Cuba stands as the last remnant of Soviet-style communism, the socialist paradise in the Caribbean, the quintessential one-party state. It offers no political options, brooks no dissent, accepts no debate, allows no liberty. Demonstrate fealty to the regime, or face a life of misery even worse than ordinary Cubans who make an average of less than two cents per hour — that’s $0.02 compared to the minimum $7.25 in the United States.
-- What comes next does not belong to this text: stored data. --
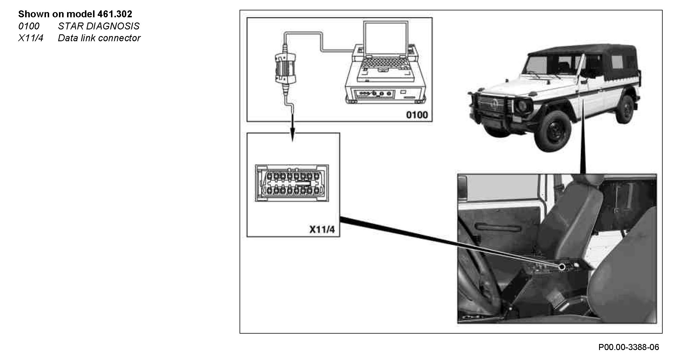 1 Connect STAR DIAGNOSIS (0100) to diagnostic socket, on the data link connector (X11/4) or on the data link connector (1.3) (X11/22).
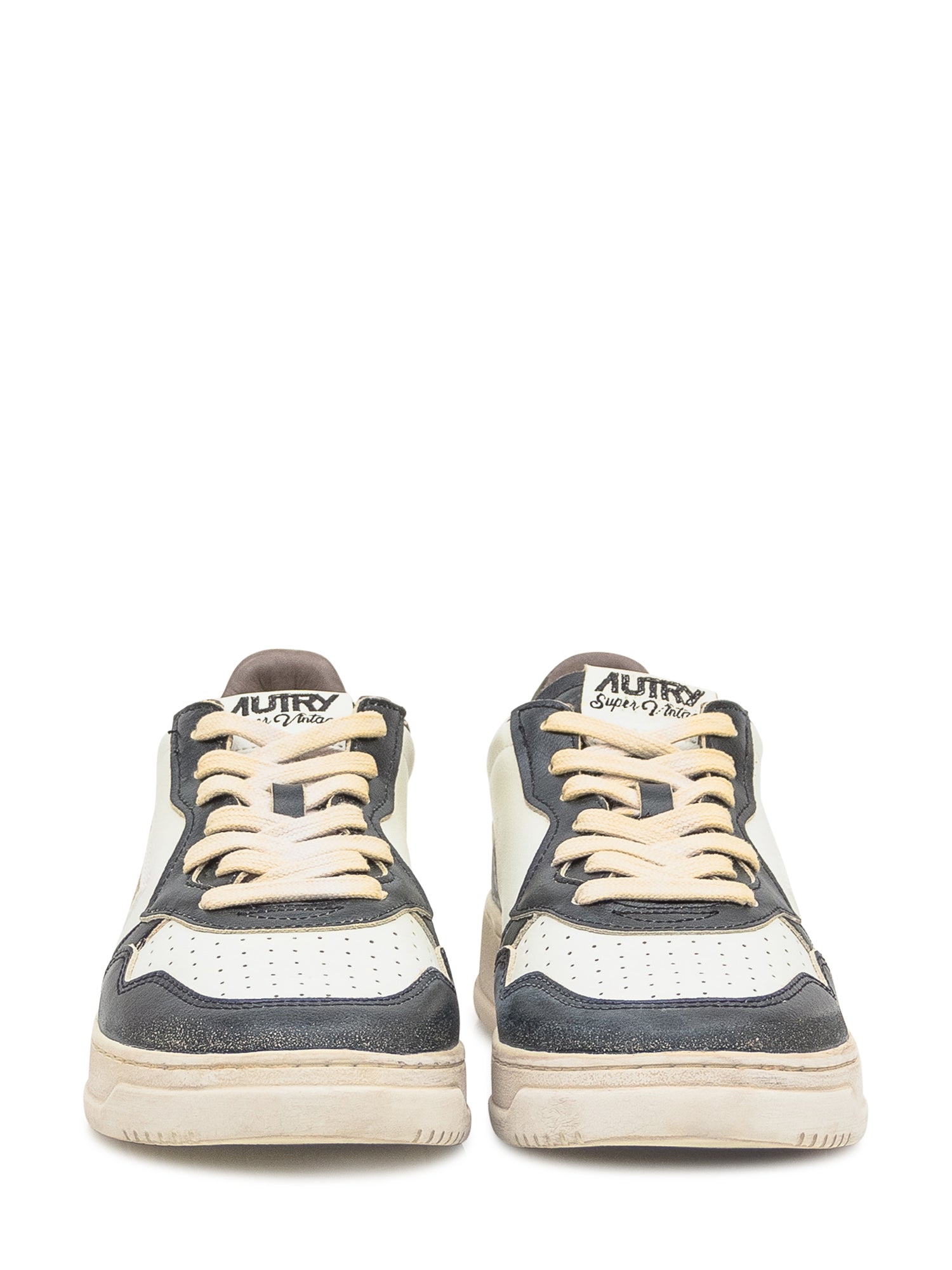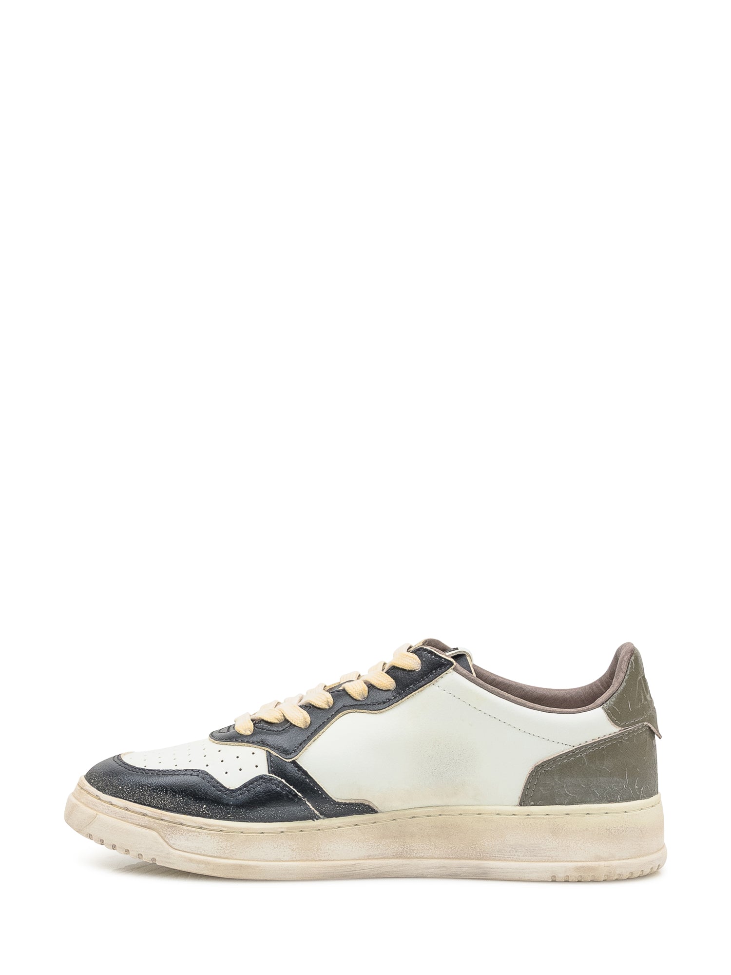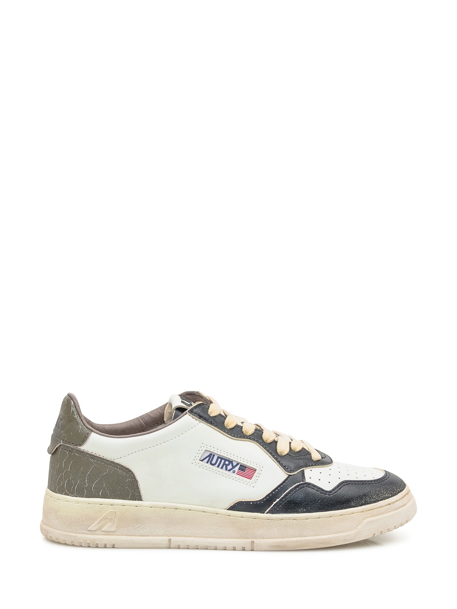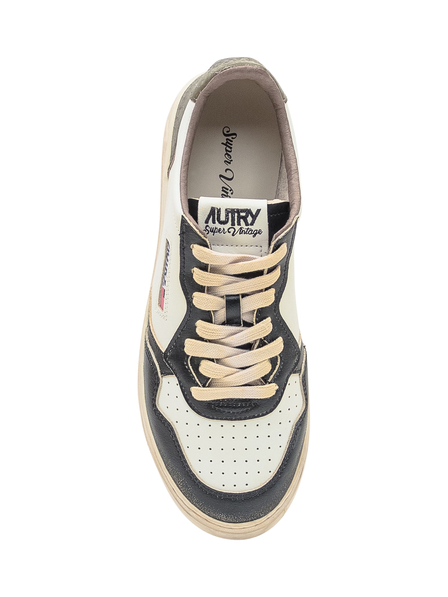Sneakers Autry Medalist in pelle bianca con dettagli neri e grigi effetto vintage. Stile rétro ispirato agli anni '80, suola in gomma e logo bandiera USA laterale.
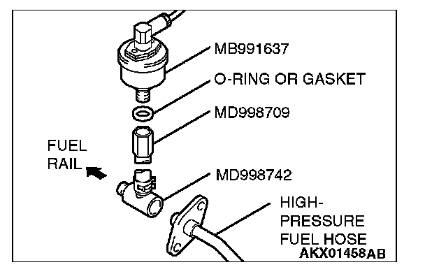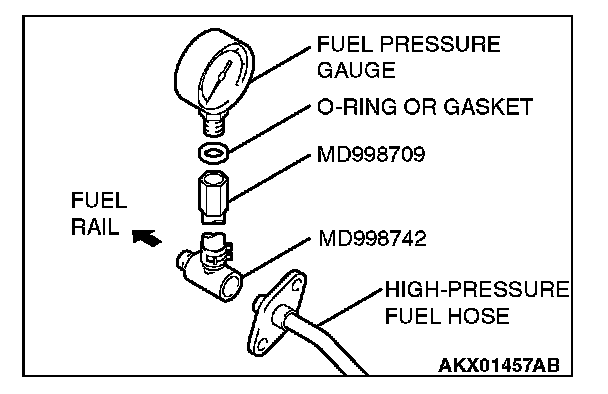 2. Place a suitable O-ring or gasket on the assembled special tools MD998709 and MD998742 and install the fuel pressure gauge.
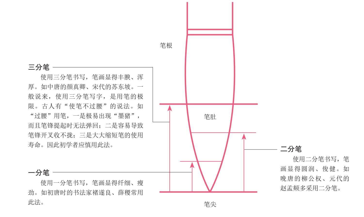 笔头深浅的尺寸,叫“笔位”。依笔头深浅可分为三断:笔端处,叫“一分笔”;笔腰处,叫“二分笔”;笔根处,叫“三分笔”。这种划分乃前人之经验,其目的是书写用笔时有准绳可循。一般地说,运笔不能超过笔腰,尤其是初学者在写楷书,或者写篆书、隶书时,应使用一分半至二分为佳,这样,行笔顿挫、提按便于笔力贯注,得势自然。书写时不应将根部用上,如果用到根部,会造成点画过多。但也不能仅用笔尖,否则,字会显得无力、轻飘。
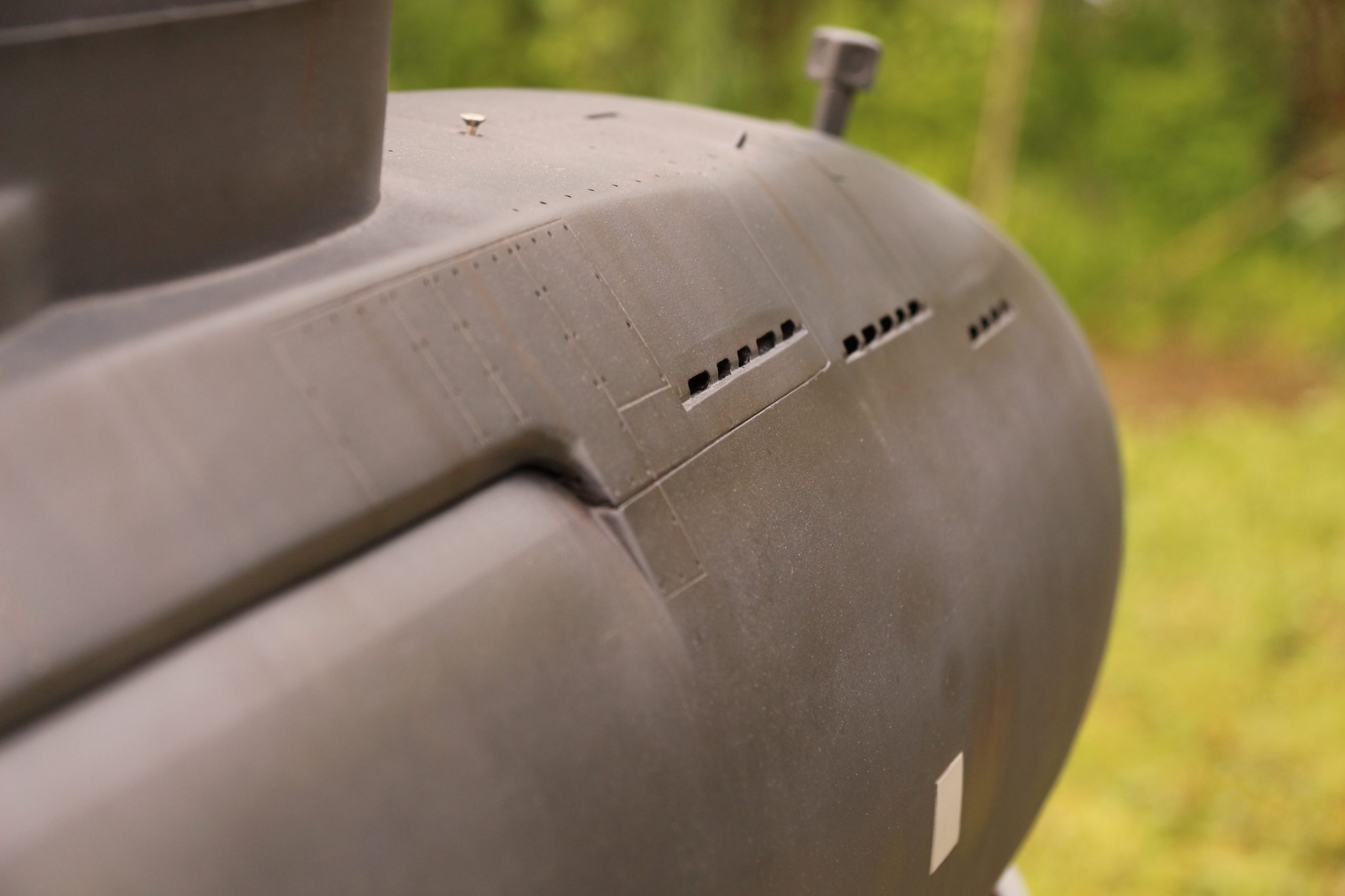 DetailsDas Urmodell Ein Beitrag von Egon Die PU-Blöcke habe ich mit genügend Aufmaß auf der Kreissäge zugeschnitten. Alle Teile wurden zuerst grob geschruppt, danach mit einem Radiusfräser abgezeilt und zum Schluß fein geschlichtet. Das Ergebnis ist eine fast fertige Oberfläche die nur sehr wenig Nachschleifen erfordert. Die Trimmtanks wurden aus Aluminium in einer Kleinserie gefertigt.…

Do the math, and you understand the level of deprivation the people of Cuba have been forced to endure since Fidel Castro’s revolution toppled the corrupt regime of Fulgencio Batista in 1959. What followed was a reign of terror, a Stalin-like purge that was shocking to Americans of many stripes who initially perceived Castro as the antidote to Batista’s authoritarian excesses, even a force for democracy.
To the contrary, Castro’s regime soon became a crucial ally, beachhead, and benefactor of the decidedly non-democratic Soviet Union, serving as the base of operations in the Western Hemisphere for our Cold War enemy — dangerously close to our shores. Castro permitted the implanting of the infamous Soviet missiles which in 1962 brought the world to the brink of nuclear war. And it was the “evil empire” that almost single-handedly kept Cuba’s moribund socialist economy afloat with massive subsidies. But when their benefactors dissolved into the ash heap of history 30 years ago in 1991, Cuba was left twisting in the wind.
But, of course, as the island paradise dies a slow, painful death over more than half a century, the dream has never died in the hearts of leftists, many still romanticizing the Castro years, likely because they never had to actually live in the utopia they glorified. The leftist media, which for so long served as apologists for the Soviet and Cuban regimes, are now subliminally linking the Cuban protesters to Trump supporters by cleverly referring to them as “anti-government,” inviting comparisons to the Jan. 6 Capitol rioters.
Demonstrating afresh just how out of touch it can be, the Biden State Department released a statement saying, “We stand by the Cuban people’s right for peaceful assembly” — as if Cubans have such a right! Are these professional diplomats unaware that there is no Bill of Rights, no freedom of speech, or the press, or religion, or assembly in Cuba? Have officials all the way up the ladder to the White House forgotten that the only “rights” in totalitarian regimes are those granted at the pleasure of the supreme leader?
Cuba stands with the likes of North Korea in the shrinking panoply of totalitarian regimes that remain standing as monuments to a century of communist tyranny. After a 20th century marked by some 100 million deaths at the hands of Marxist totalitarians, it is crucial to re-draw a certain distinction. In authoritarian regimes such as Russia and Syria, some people prosper, others suffer. In totalitarian regimes, everyone suffers equally, by oppression or deprivation, with the notable exception of communist party officials who are, paraphrasing George Orwell, “more equal than others.”
A shadow Cuban government, currently championed by Miami Mayor Francis X. Suarez, has by most accounts been prepared for the decisive counter-revolution in its native land from the moment the first wave of Castro’s enemies arrived in south Florida in the early 1960s. As these Cuban patriots stand at the ready, they wait prayerfully, hoping against hope that they may soon receive an answer to the questions long at the forefront of their hearts and minds: Has Cuba’s long-smoldering tinderbox of dissent finally been set ablaze? Will that long-dreamed-of day soon arrive when they may kiss the soil of their beloved homeland once more?